Laskin J.A. observed that in refusing an adjournment, the trial judge should have taken into account the goal expressed in r. 2.01(1)(a), namely “to secure the just determination of the real matters in dispute” and the resolution of cases on their merits.
Khimji was considered by this court in Toronto-Dominion Bank v. Hylton, 2010 ONCA 752, which adopted the above statement. This court observed, at para. 36, that “[t]he presiding judge has a well-placed and a well-established discretion to decide whether an adjournment request ought to be allowed or denied.” After setting out the above statement, the court added, at para. 37:
Laskin J.A.’s passage makes it clear that, in reviewing highly discretionary decisions such as whether to allow a request for an adjournment, the inquiry must focus on whether the court below took account of relevant considerations in balancing the competing interests and made a decision that was in keeping with the interests of justice.
The court added that factors to be considered include the reason for the adjournment request, the history of the matter, the prejudice to the party resisting the adjournment and the consequences to the requesting party of refusing the request.”
Khimji v. Dhanani was further considered by the Court of Appeal in Toronto-Dominion Bank v.
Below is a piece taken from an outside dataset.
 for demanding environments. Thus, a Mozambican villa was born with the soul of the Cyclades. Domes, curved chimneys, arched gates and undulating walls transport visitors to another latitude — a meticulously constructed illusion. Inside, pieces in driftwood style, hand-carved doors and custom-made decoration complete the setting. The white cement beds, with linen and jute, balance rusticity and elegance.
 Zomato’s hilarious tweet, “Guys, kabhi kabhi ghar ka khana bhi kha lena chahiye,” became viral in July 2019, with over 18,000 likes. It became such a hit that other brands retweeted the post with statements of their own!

Hylton, [2010] O.J. No. 4725 where the court stated:
[38] Against the backdrop of the nature of the proceeding and the parties to the proceeding, the court should consider the evidence and strength of the evidence of the reason for the adjournment request, the history of the matter including deliberate delay or misuse of the court process, the prejudice to the party resisting the adjournment and the consequences to the requesting party of refusing the request.
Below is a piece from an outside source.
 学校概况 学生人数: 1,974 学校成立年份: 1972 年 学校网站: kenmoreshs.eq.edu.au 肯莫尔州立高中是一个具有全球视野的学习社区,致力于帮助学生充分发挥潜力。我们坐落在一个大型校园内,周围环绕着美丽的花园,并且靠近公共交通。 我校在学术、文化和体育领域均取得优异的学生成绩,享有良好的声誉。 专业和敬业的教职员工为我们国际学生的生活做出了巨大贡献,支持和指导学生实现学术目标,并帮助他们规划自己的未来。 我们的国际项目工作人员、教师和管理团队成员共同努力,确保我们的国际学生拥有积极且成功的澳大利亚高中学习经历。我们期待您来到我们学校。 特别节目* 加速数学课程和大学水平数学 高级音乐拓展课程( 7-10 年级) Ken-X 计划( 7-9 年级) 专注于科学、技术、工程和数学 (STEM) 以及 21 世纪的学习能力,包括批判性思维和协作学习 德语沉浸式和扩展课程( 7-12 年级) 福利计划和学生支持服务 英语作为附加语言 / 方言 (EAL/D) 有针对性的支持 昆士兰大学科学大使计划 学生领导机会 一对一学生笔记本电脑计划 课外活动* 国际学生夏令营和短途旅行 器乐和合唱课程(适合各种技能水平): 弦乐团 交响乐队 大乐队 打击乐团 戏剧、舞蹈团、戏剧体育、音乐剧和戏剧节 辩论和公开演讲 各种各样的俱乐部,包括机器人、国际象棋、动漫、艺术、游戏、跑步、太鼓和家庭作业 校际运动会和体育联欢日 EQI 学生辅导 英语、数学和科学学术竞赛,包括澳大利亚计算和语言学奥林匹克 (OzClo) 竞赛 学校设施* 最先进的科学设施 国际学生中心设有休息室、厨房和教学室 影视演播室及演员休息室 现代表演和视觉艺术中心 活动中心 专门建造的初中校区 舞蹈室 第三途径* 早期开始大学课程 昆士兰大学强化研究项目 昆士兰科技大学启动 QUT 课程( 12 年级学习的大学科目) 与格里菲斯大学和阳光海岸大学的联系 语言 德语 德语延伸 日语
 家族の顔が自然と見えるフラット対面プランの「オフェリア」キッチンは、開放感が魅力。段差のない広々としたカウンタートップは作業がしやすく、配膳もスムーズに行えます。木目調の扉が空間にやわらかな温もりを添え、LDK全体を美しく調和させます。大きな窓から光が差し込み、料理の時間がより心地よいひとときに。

[39] Once again, the fact that a party is self-represented is a relevant factor. That is not to say that a self-represented party is entitled to a “pass”. However, as part of the court’s obligation to ensure that all litigants have a fair opportunity to advance their positions, the court must assist self-represented parties so they can present their cases to the best of their abilities. Linhares de Sousa J. provided a helpful list of ways to assist self-represented litigants in Kainz v. Potter (2006), 2006 CanLII 20532 (ON SC), 33 R.F.L. (6th) 62 (Ont. S.C.), at para. 65:
[N]umerous Court decisions have reiterated the principle again and again, that self-represented parties are entitled to receive assistance from an adjudicator to permit them to fairly present their case on the issues in question. This may include directions on procedure, the nature of the evidence that can be presented, the calling of witnesses, the form of questioning, requests for adjournments and even the raising of substantive and evidentiary issues. [Emphasis added.]
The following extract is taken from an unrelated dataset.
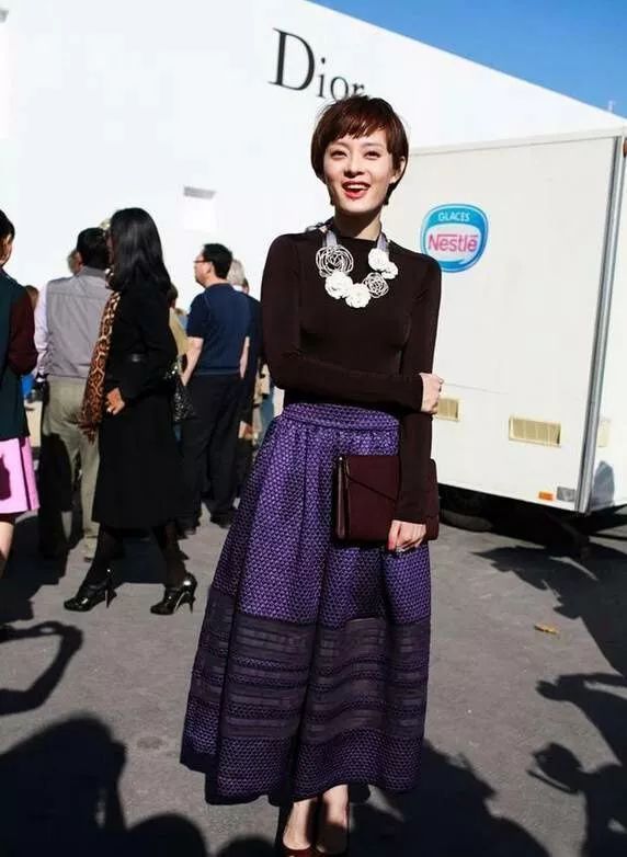 黑色的高領的衣服特別的有個性,搭配的是一條紫色的長裙看著非常的優雅了,黑色的高跟鞋和整體特別的搭配,突顯氣質
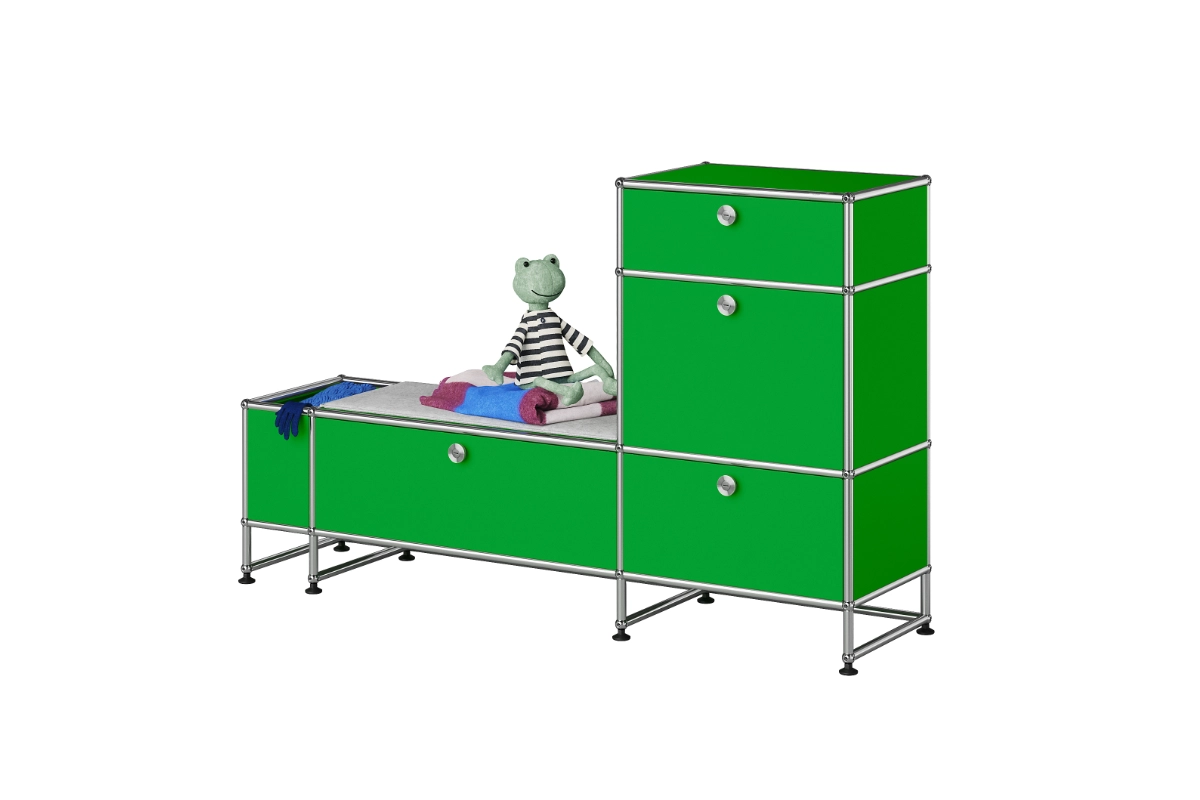 Bunte, modulare Möbel für ein kreatives Kinderzimmer.Mit den USM Haller Kids Möbeln bringen Sie lebendige Farben und höchste Funktionalität in jedes Kinderzimmer. Das modulare System ist in leuchtenden Farbtönen wie intensivem Rot, frischem Grün, tiefem Enzianblau und sonnigem Gelb erhältlich und lässt sich individuell an die wachsenden Bedürfnisse Ihrer Kinder anpassen. Robuste Spielzeugregale, clevere Stauraumlösungen und kindgerechte Metallmöbel sorgen dafür, dass alle Lieblingsstücke – von Spielzeug über Bücher bis hin zu Kleidung – stets sicher und ordentlich verstaut sind. Dank praktischer Fächer, ausziehbarer Schubladen und abschließbarer Module bleibt das Kinderzimmer immer gut organisiert. Gestalten Sie mit USM Haller Kids eine inspirierende, spielerische und stilvolle Umgebung, die sowohl Funktionalität als auch Design überzeugt.

In D.M. v. CAS of Ottawa, 2021 ONSC 8360 the Divisional Court focussed on procedural fairness and due process in summarizing the considerations in relation to adjourning a hearing:
[240] Whether to grant or refuse an adjournment of a hearing is a matter of judicial discretion. Factors for a court to consider in deciding to grant or refuse an adjournment, include:
(a) the overall objective of a determination of the matter on its substantive merits;
(b) the principles of natural justice;
(c) that justice not only be done but appear to be done;
(d) the particular circumstances of the request for an adjournment and the reasons and justification for the request;
(e) the practical effect or consequences of an adjournment on both substantive and procedural justice;
(f) the competing interests of the parties in advancing or delaying the progress of the litigation;
(g) the prejudice not compensable in costs, if any, suffered by a party by the granting or the refusing of the adjournment;
(h) whether the ability of the party requesting the adjournment to fully and adequately prosecute or defend the proceeding would be significantly compromised if the adjournment were refused;
(i) the need of the administration of justice to process civil proceedings in an orderly manner; and
(j) the need of the administration of justice to enforce court orders effectively. That a party is self-represented is a relevant factor in the exercise of the court’s discretion to grant or refuse an adjournment because a part of the court’s obligation is to ensure that all litigants have a fair opportunity to advance their positions.”